Un totalitarisme doux
« Je pense que l’espèce d’oppression dont les peuples démocratiques sont menacés ne ressemblera en rien de ce qui l’a précédée dans le monde ; nos contemporains ne sauraient en trouver l’image dans les souvenirs. Je cherche en vain moi-même une expression qui reproduise exactement l’idée que je m’en forme et la renferme ; les anciens mots de despotisme et de tyrannie ne conviennent point. La chose est nouvelle, il faut donc tâcher de la définir, puisque je ne peux la nommer.
Je vois une foule innombrable d’hommes semblables et égaux qui tournent sans repos sur eux-mêmes pour se procurer de petits et vulgaires plaisirs, dont ils emplissent leur âme. Chacun d’eux, retiré à l’écart, est comme étranger à la destinée de tous les autres : ses enfants et ses amis particuliers forment pour lui toute l’espèce humaine ; quant au demeurant de ses concitoyens, il est à côté d’eux, mais il ne les voit pas ;il les touche et ne les sent point ; il n’existe qu’en lui-même et pour lui seul, et, s’il reste encore une famille, on peut dire du moins qu’il n’a plus de patrie.

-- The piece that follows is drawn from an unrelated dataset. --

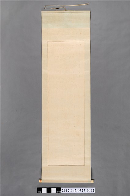 此為一書法卷軸,內容「無為欺世之豪傑」出自明朝陸紹衍編輯的〈醉古堂劍掃〉格言「寧為隨世之庸愚,無為欺世之豪傑。」墨寶註記「癸未之夏」(1883年),蓋有「二品親王」、「能久」兩落款。 此物件的作者北白川宮能久親王(以下稱北白川宮),為日本天皇的皇族成員之一,北白川宮於明治維新之時,受到最後的幕府將軍德川慶喜的委託,前往與以薩長兩藩為首的倒幕勢力議和,但是倒幕派拒絕,於是北白川宮被江戶幕府、奧羽越列藩推舉為「東武天皇」與擁戴明治天皇的倒幕派敵對,最終兵敗遭到軟禁,且被要求出家,後獲赦免還俗。於日本在甲午戰爭後,北白川宮被命令自遼東半島率軍前往臺灣協助鎮壓臺灣的反抗勢力,但在臺灣逝世。北白川宮死後被日本官方神格化,作為治臺象徵「臺灣神社」的主祭神,並在日本治臺的50年間不斷傳頌北白川宮的征台事蹟。(吳佩珍,2014:136-140。)

Au-dessus de ceux-là s’élève un pouvoir immense et tutélaire, qui se charge seul d’assurer leur jouissance et de veiller sur leur sort. Il est absolu, détaillé, régulier, prévoyant et doux. Il ressemblerait à la puissance paternelle si, comme elle, il avait pour objet de préparer les hommes à l’âge viril ; mais il ne cherche, au contraire, qu’à les fixer irrévocablement dans l’enfance ; il aime que les citoyens se réjouissent, pourvu qu’ils ne songent qu’à se réjouir. Il travaille volontiers à leur bonheur ; mais il veut être l’unique agent et le seul arbitre ; il pourvoit à leur sécurité, prévoit et assure leurs besoins, facilite leurs plaisirs, conduit leurs principales affaires, dirige leur industrie, règle leurs héritages ; que ne peut-il leur ôter entièrement le trouble de penser et la peine de vivre ?
L’égalité a préparé les hommes à toutes ces choses : elle les a disposés à les souffrir et souvent même à les regarder comme un bienfait. »
Alexis de Tocqueville
De la démocratie en Amérique. La première partie de l’ouvrage fut publiée en 1835. La seconde partie, dans laquelle figure ce texte, date de 1840.